What did I say? Sickness engages the mind more than love, because sickness comes to everyone, but love can give you a wide berth.
Grief is shared by talking, and there is enough for everyone. It is inexhaustible, like the fish and loaves in the Bible. Even crumbs are gathered up by the basketful. Oh, ah, alas, alack.
A rumour can do without its subject. When a rumour spreads, the person concerned is not needed at all, for other people’s talk speaks for him. And once the rumour has been propped up with words aplenty and then patched up, you can lean on it with your whole weight.
BALDERDASH, I say.
V
It is snowing on the second Sunday of Advent as Thomas Davies stands on the steps outside his house and looks at the allocated area, fifty-five by twenty-two yards in size. His footprints and the children’s show up in the old, dry snow. Large flakes float on to the field. The church bells ring. The echo reverberates in the cold air, moves away and disappears.
When the boom of the bells and of human voices becomes quiet, the white silence of snow dominates the landscape.

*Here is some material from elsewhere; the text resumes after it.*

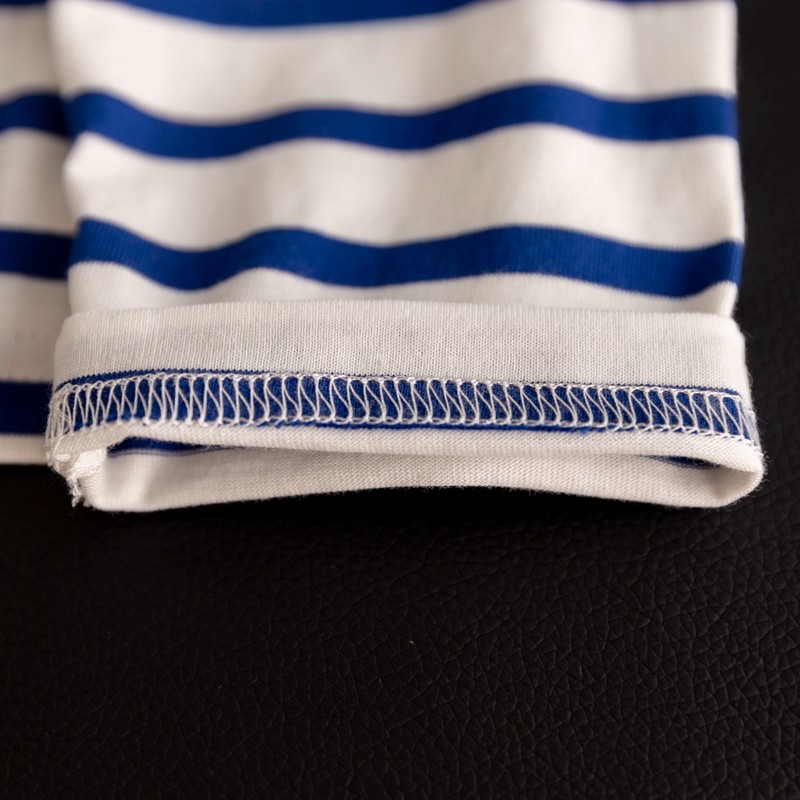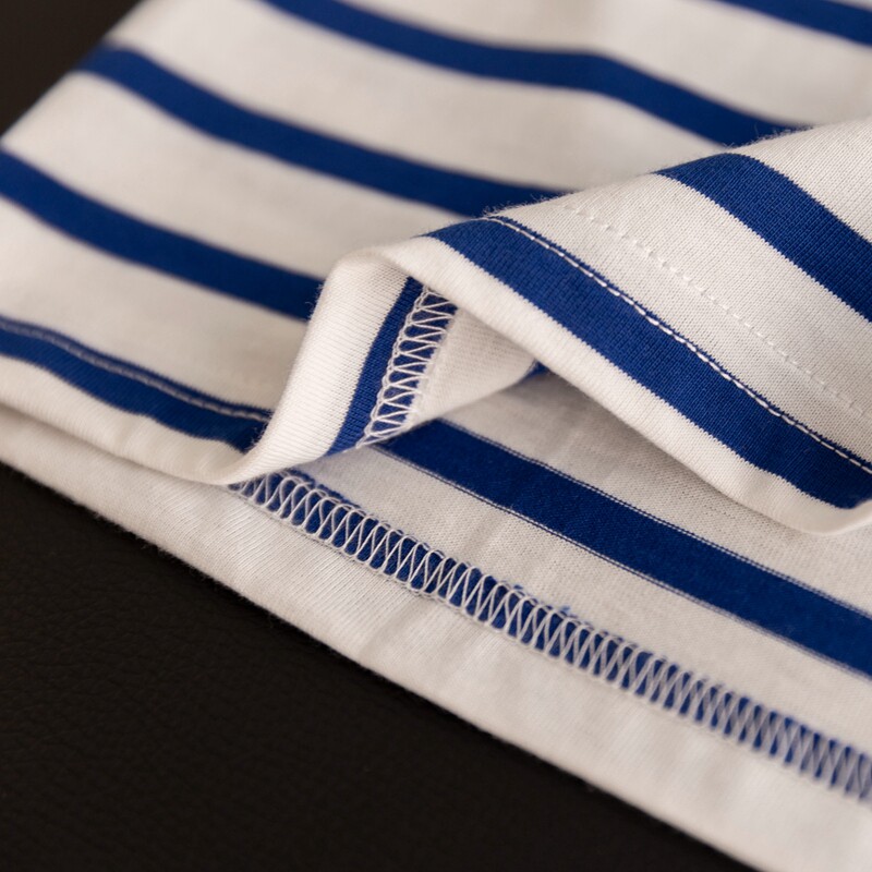 📚 外贸出口高端纯棉蓝白条纹T恤女长袖清新减龄内搭打底衫秋季上衣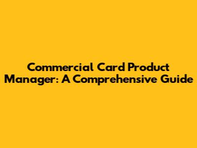 Commercial Card Product Manager: A Comprehensive Guide

I no longer shout cold prayers at the sky.
Though my despair was mighty, my soul is, after all, a strong, four-stranded rope with a core of hemp or jute. When reason and hope arise from the long season of despair, it is time to think, and make plans, and banish the God who has haunted me since childhood. His voice is planted in our heads and does not allow us a word in edgeways.
God is silent now, but the sun rises and sets.
He went, was silent at last.
He watched Adam and Eve in the Garden of Eden, punished the woman with pain and cursed the earth so it grew thorns and thistles; He expelled the people from the garden, eastwards, and posted guards at the gates; He wanted to wipe people off the face of the earth, and cattle, reptiles, the birds of the sky! He wanted a deluge to destroy all flesh, everything that contained the spirit of life, though he forged a covenant with Noah and made a rainbow in the sky as a token thereof. Still He did not stop harassing people, but tormented Job, Lot, Isaac; and punished Egypt with frogs and lice and horseflies and cattle plague and boils and hailstones and locusts and darkness! He did not let Moses into the Promised Land; He made laws and, when they were in place, He rushed among the heathens to destroy their shrines and stone those who worshipped false gods; He threatened to strike with rashes, abscesses and madness; He allowed thumbs and big toes to be cut, swords to kill, cities to be set on fire. He shouted like a lunatic: Ye have not obeyed my voice: why have ye done this? And every time his ire was ignited, he handed people over to the neighbouring enemies.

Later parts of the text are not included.